The following commentary comes from an independent investor as part of TheStreet's guest contributor program, which is separate from the company's news coverage.

NEW YORK ( TheStreet) -- Some say State Administration for Industry and Commerce (SAIC) filings for Chinese reverse takeovers (RTOs) don't matter. And neither do State Administration of Taxation (SAT) documents that are inaccessible to independent third parties such as auditors. Think again.

SAIC and SAT filings do matter.
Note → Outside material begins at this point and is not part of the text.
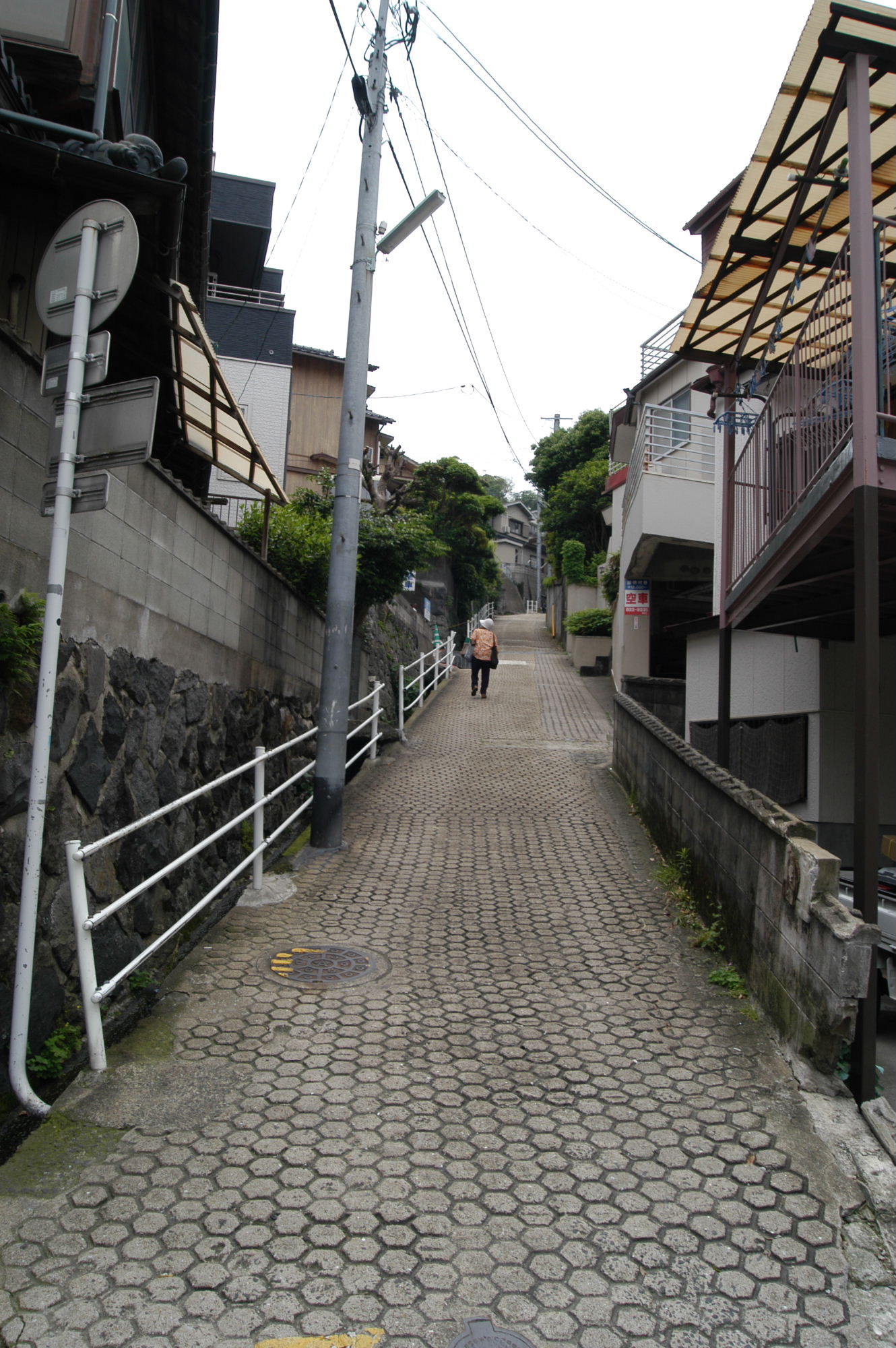 伊良林小学校から竹ん芸で有名な若宮稲荷神社の方へ抜ける坂道ですね。確かに亀の甲タイプの滑り止めが施されています、この タイプの坂道は坂の多い長崎市内には何ヶ所もあり「かめのこ坂」 と呼ばれているようです。

Deloitte Touche Tohmatsu (DTT) finally chose to reference SAIC and SAT documents in its probe into China MediaExpress Holdings (CCME) operations:

Issue raised: Information on file with the State Administration of Industry and Commerce as to certain subsidiaries appearing to be inconsistent with comparable financial information provided to DTT.

Issue raised: The verification of certain subsidiary tax payments with the local office of the State Administration of Taxation.

If auditors are referencing SAIC filings in audits, shouldn't they be important to investors? Investors who ignore them may find that their portfolios of diamonds in the rough with glorious price-to-earnings ratios of 5 or less are piles of worthless paper. (Investors also need to be aware that companies that amend past filings likely aren't alerting SAT agencies of changes.)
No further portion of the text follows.